## WORK TASK:
Print only the lines below from the one with "Sarah Gifford enjoying" to the one with "ですが、講師がすぐに判断して", both included, exactly as they stand. Leave pictures out.

Records from a data source:
═══

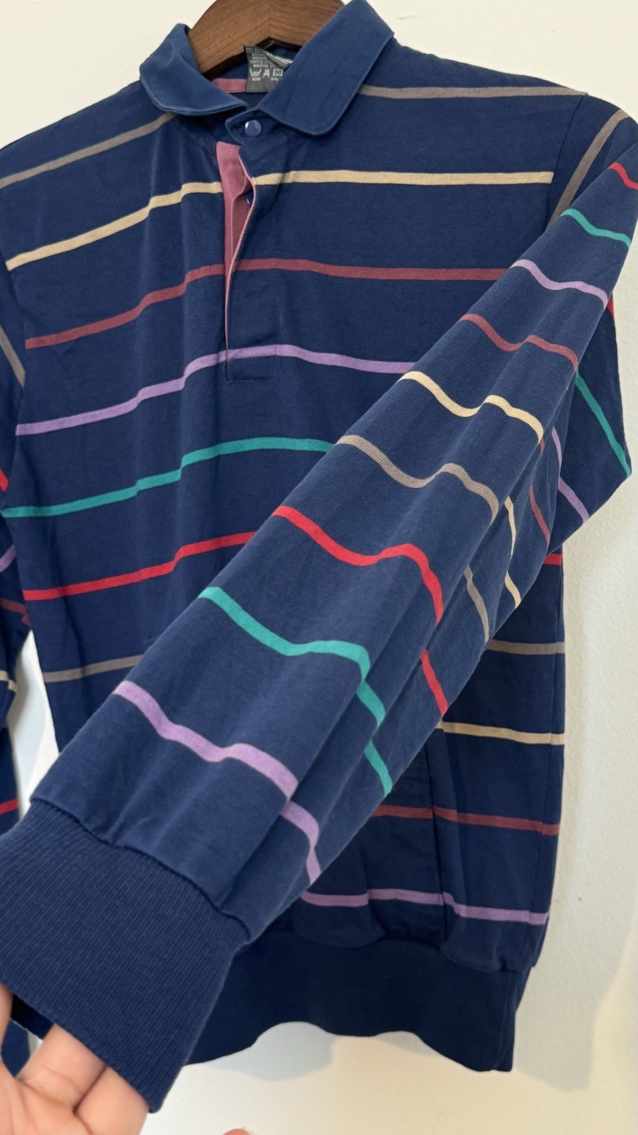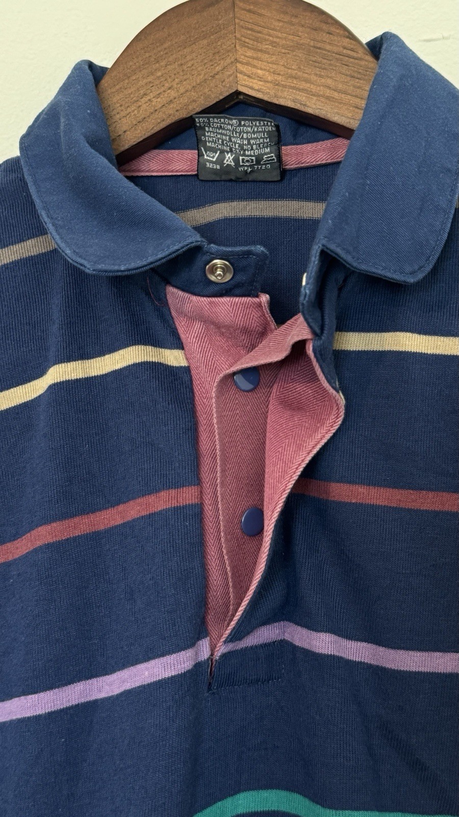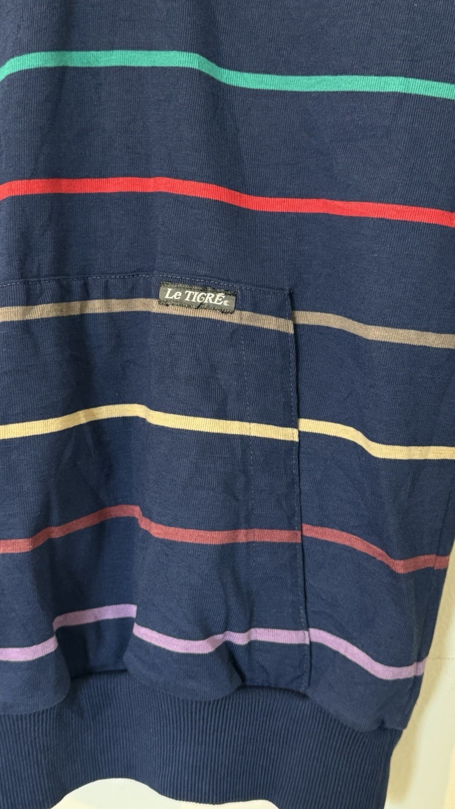 как выглядит Vtg 80s Le Tigre Mens Small Striped Blue Long Sleeve Polo Shirt Pocket Snap USA фото
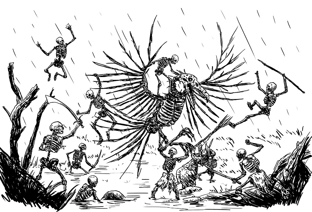 Скелеты тем временем навалились на костлявую птицу всей оравой. Птица сопротивлялась натиску отчаянно: одному сшибла клювом челюсть, другому половину ребер ударом крыла, третьего столкнула в болото, и всё это – дергая из рук Кюимеи посох.
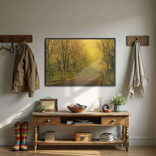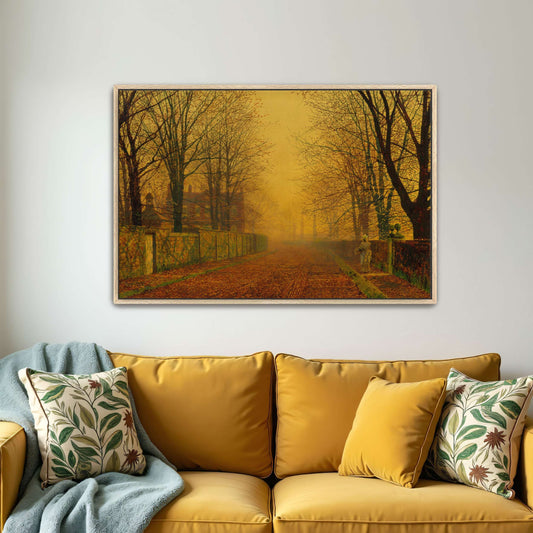 Autumnal Evening Street Scene, Foggy Pathway, Golden Light By John Atkinson Grimshaw
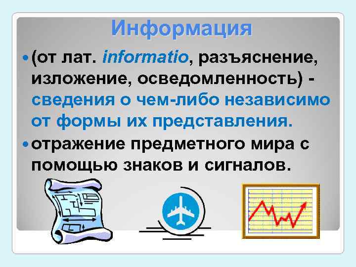 Информация (от лат. informatio, разъяснение, изложение, осведомленность) - сведения о чем-либо независимо от формы их представления. отражение предметного мира с помощью знаков и сигналов.
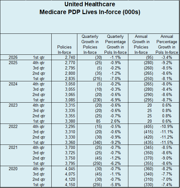 This UHC enrollment table shows Medicare PDP enrollment counts of 2,740,000 as of 3/31/2026, a 95,000 decrease in the past 12 months. The 95,000 enrollment decrease in the past year is a 3.4% decrease over the Medicare PDP enrollment counts as of 3/31/2025.
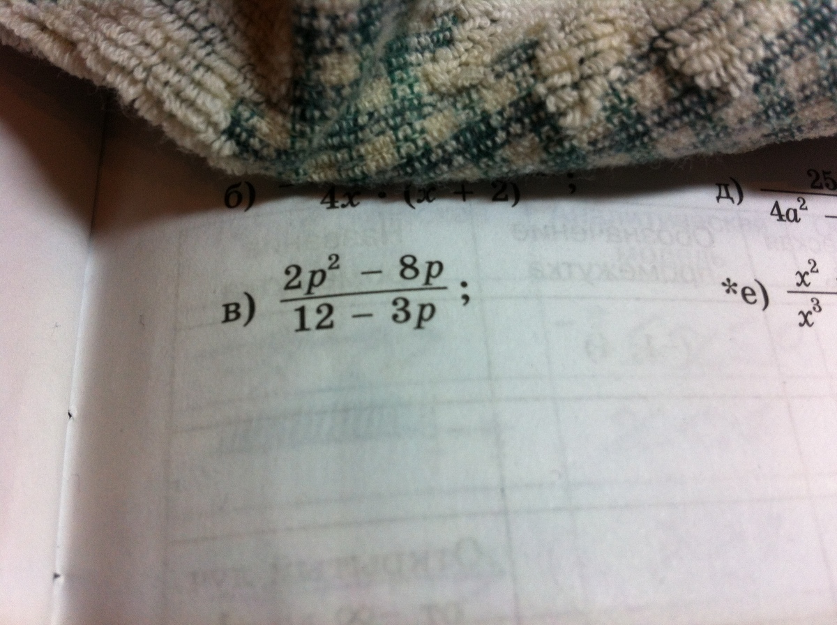 в) 2p(в квадрате*) -8p/12-3p=2p(p-4)/3(4-p)= -2p(p-4)/3(p-4)=-2p/3;
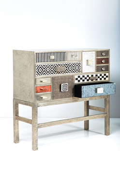 Cabinet Chalet 13 Drawers - Cabinet din lemn de mango, MDF, sticla mozaicata, metal alb si os de camila.
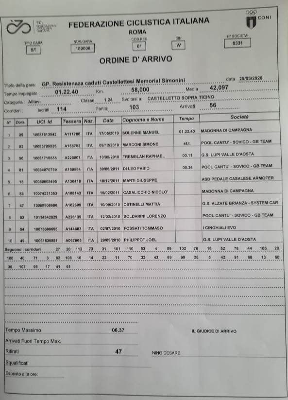 Brillante vittoria del torinese Manuel Solenne (SC Madonna di Campagna) che a Castelletto Sopra Ticino nel novarese, si impone nel Memorial Simonini-Caduti Castellettesi imponendosi allo sprint sull’alfiere del Pool Cantù-Sovico-GB Team, Simone Marconi con quale aveva preceduto gli inseguitori nell’ordine, Raphael Tremblan (Lupi Valle D’Aosta) di 11″ e il resto degli inseguitori battuti in volata da un altro alfiere della squadra dell’ex professionista Gianluca Bortolami, Fabio Di Leo a 34″.
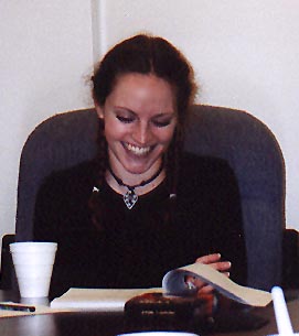 Sarah Gifford enjoying a scene during the reading. If the audience has half as much fun, we're golden.
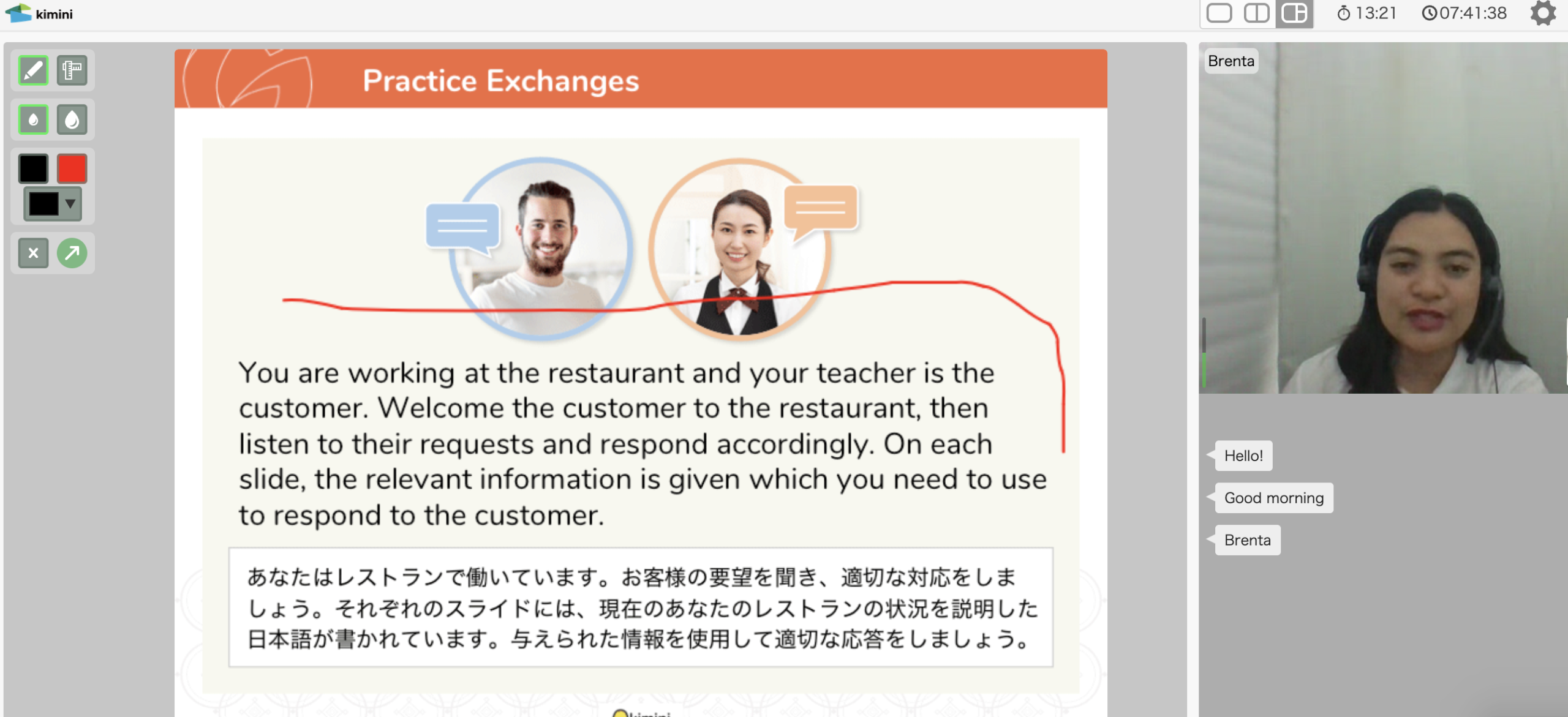 ですが、講師がすぐに判断してドリルパートに戻してくれたので、語彙やフレーズをしっかり確認できて安心して続けられました。
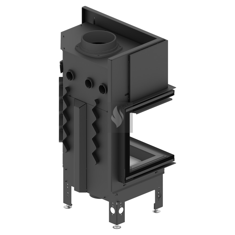 Az ø180 / 200 / 220 / 250 mm-es füstcső biztosítja a kandalló és a kéménycsatorna szoros csatlakozását, biztosítva a megfelelő égést és növelve a hőcsere területét. A hőcsövek növelik a hőcserélési és felhalmozási területet (modelltől függően 3-6 db). Az acél ajtó megnövelt merevségű profilból készült, ami garantálja az ajtó szorosságát és szilárdságát. A hőálló kerámiaüveg (DECOR üveg) akár 800°C-ig ellenáll a működési hőmérsékletnek, és opcionálisan dupla üvegezési rendszerben is elérhető.
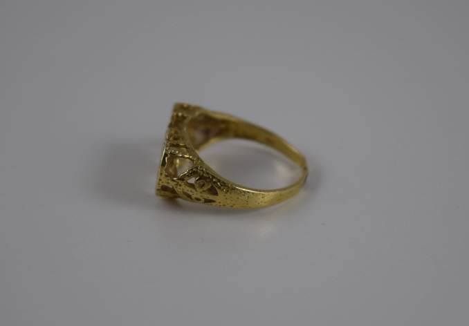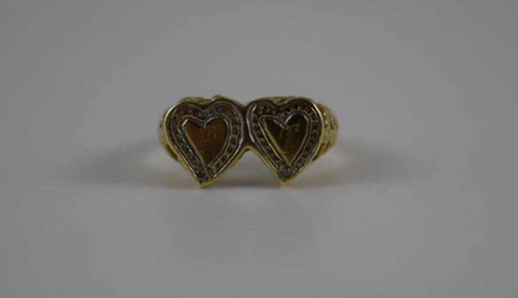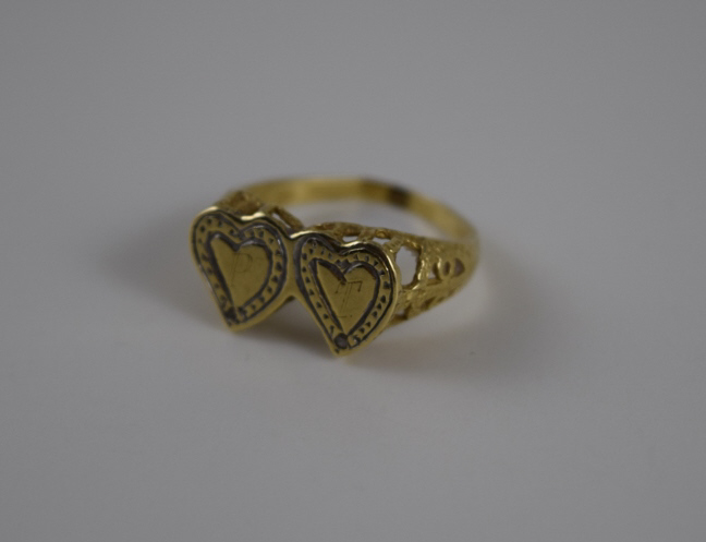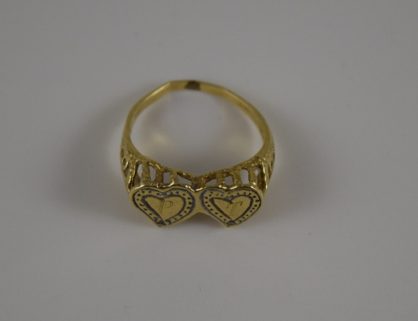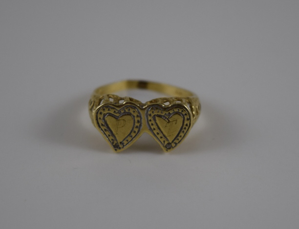 Depicting two hearts. One heart has faint (easily removable) inscription "P", the other heart "T". Hallmarked "14K" and "GH". 2 hearts measure 11/16" (17.5mm) long, 1/3" (8.5mm) wide. Size 7 to 7.5. Weighs 2.8g.U.S. SHIPPING $15 PLUS INSURANCE

═══

## TASK ANSWER:
 Sarah Gifford enjoying a scene during the reading. If the audience has half as much fun, we're golden.
 ですが、講師がすぐに判断してドリルパートに戻してくれたので、語彙やフレーズをしっかり確認できて安心して続けられました。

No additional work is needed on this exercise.